Section 4: Association between variables and multivariable methods to control for confounding
4.1 Simple correlation and regression
As an example of a study examining the association between two measurement variables, we will look at the association between forced expiratory volume (FEV1, a measure of lung function) and height (measured in centimeters) in a sample of 20 young adults. Data for the first 5 subjects:
ID |
sexM |
ht_cm |
fev1_litres |
---|---|---|---|
1 |
1 |
174 |
4.3 |
2 |
1 |
181 |
4.8 |
3 |
0 |
184 |
4.7 |
4 |
1 |
177 |
5.4 |
5 |
1 |
177 |
3.1 |
4.1.1 Scatterplots
The plot( ) function will graph a scatter plot. To plot FEV1 (the dependent or outcome variable) on the Y axis, and height (the independent or predictor variable) on the X axis:
> plot(ht_cm ~ fev1_litres)
4.1.2 Correlation
The 'cor( )' function calculates correlation coefficients between the variables in a data set (vectors in a matrix object).

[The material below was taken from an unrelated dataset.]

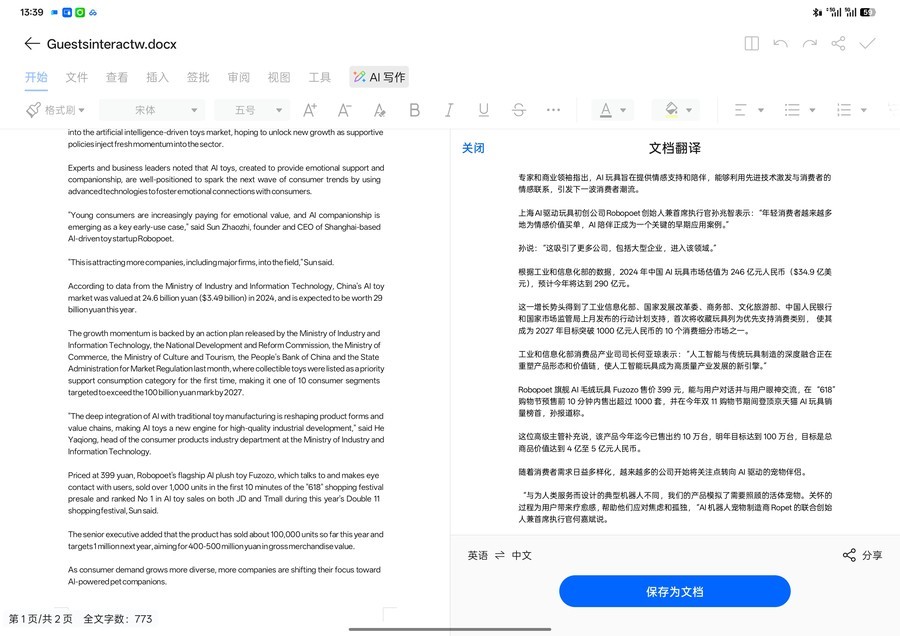 AI写作功能

For our height and lung function example, where 'fevheight' is the matrix object representing the data set:
> cor(fevheight)
ID sexM ht_cm fev1_litres
ID 1.00000000 0.02726935 -0.1624661 -0.4339991
sexM 0.02726935 1.00000000 0.1044337 -0.1196384
ht_cm -0.16246613 0.10443368 1.0000000 0.5973320
fev1_litres -0.43399905 -0.11963840 0.5973320 1.0000000
The 'cor.test( )' function gives more detail around the correlation coefficient between two measurement variables, testing the null hypothesis of zero correlation (no association) and giving a CI for the correlation coefficient. For our height and lung function example:
> cor.test(ht_cm,fev1_litres)
Pearson's product-moment correlation
data: ht_cm and fev1_litres
t = 3.16, df = 18, p-value = 0.005419
alternative hypothesis: true correlation is not equal to 0
95 percent confidence interval:
0.2104363 0.8224525
sample estimates:
cor
0.597332
4.1.3 Simple regression analysis
Regression analysis is performed through the 'lm( )' function. LM stands for Linear Models, and this function can be used to perform simple regression, multiple regression, and Analysis of Variance.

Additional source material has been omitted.